La «majorité Ursula» et l’Europe imaginaire edit

25 juillet 2025

Nous savons tout de la tentative infructueuse d’un groupe de députés d’extrême droite de faire voter une motion de censure par le Parlement européen contre la Commission européenne et sa présidente Ursula von der Leyen. Cependant, le récit qui nous a été fait ne correspond pas nécessairement à la réalité. En substance, ce qui nous a été rapporté est l’histoire d’une crise rampante affligeant la coalition qui soutient la Commission au Parlement européen. Une crise due au mécontentement de trois membres de la coalition, libéraux, socialistes et verts, à l’égard du PPE, le parti populaire majoritaire auquel appartient également la présidente. Le PPE et Ursula von der Leyen seraient en effet coupables de deux crimes : avoir déplacé résolument l’axe de l’UE vers la droite dans certains domaines et, à cette fin, avoir sciemment recouru à plusieurs reprises aux votes des partis populistes et souverainistes de droite, par définition « anti-européens ». Preuve supplémentaire, les bonnes relations qu’Ursula von der Leyen entretient avec Giorgia Meloni, présidente du Conseil à Rome, et dont le parti est la principale composante de l’un des partis souverainistes en Europe. Le hic, c’est que ce récit décrit une Europe qui n’existe pas. Cette fiction est d’autant plus dangereuse et trompeuse qu’elle est facile à comprendre pour des citoyens habitués au fonctionnement des démocraties parlementaires normales.
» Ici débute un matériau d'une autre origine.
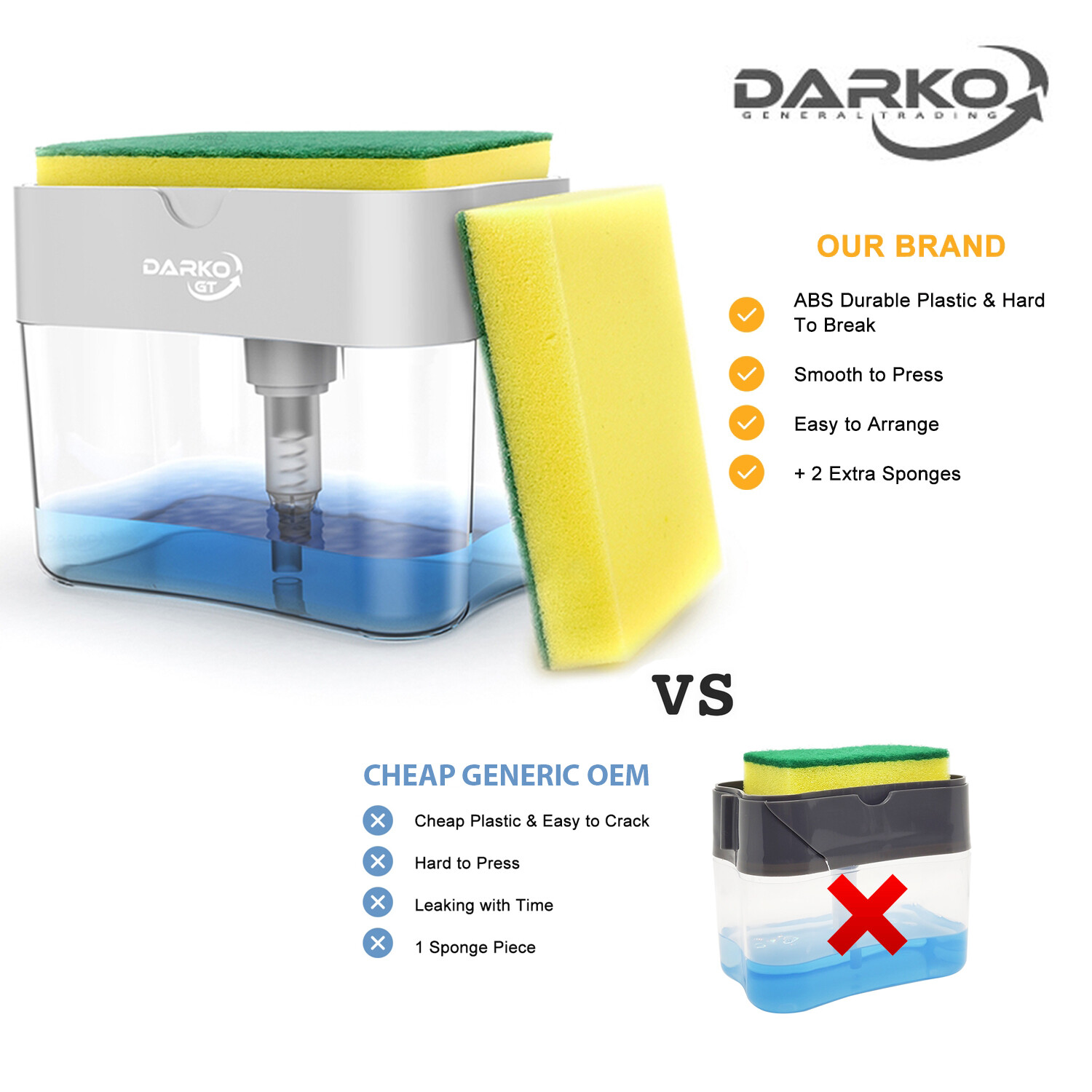 ♥ Harga Premium Original “DarkoGT” 2 in 1 Sponge Holder With Soap Dispenser, High Quality Liquid Dishwashing Counter Top Sink Dispenser 380ML (1 Caddy 2 Free Sponges) Terbaik Murah Di Malaysia

Le problème est que l’UE n’est pas une fédération et qu’elle ne fonctionne pas davantage comme une démocratie parlementaire telle que nous la connaissons. Il s’agit d’un système hybride, ni fédéral ni véritablement intergouvernemental, rassemblant des pays qui restent souverains mais qui partagent une partie de leur souveraineté au sein d’institutions communes. Comme le disent souvent les juristes, les États restent « maîtres des traités ». Au centre de ce système hybride se trouve une institution, la Commission, qui présente certaines caractéristiques communes avec l’idée que nous nous faisons généralement du gouvernement, mais jusqu’à un certain point seulement. Sa légitimité dépend en partie des gouvernements et en partie du Parlement européen, qui vote son investiture et peut également la censurer. Tout cela dans un système où les pouvoirs de décision sont partagés entre le Conseil des ministres nationaux et le Parlement européen. Ce partage des pouvoirs, en raison de la nature même du système, se traduit par une nette prédominance des gouvernements, en particulier dans les domaines qui se situent en marge des compétences que les traités attribuent à l’UE. Il s’agit de domaines qui sont au cœur de la souveraineté nationale, tels que l’immigration ou la politique étrangère et de défense. Ce système, dont nous avons hérité et avec lequel nous vivons depuis près de 80 ans, est certes critiquable. Cependant, personne ne pense qu’il puisse être modifié à court terme. Une rhétorique suggérant l’image d’un système de gouvernement fondé sur une majorité parlementaire est donc gravement trompeuse.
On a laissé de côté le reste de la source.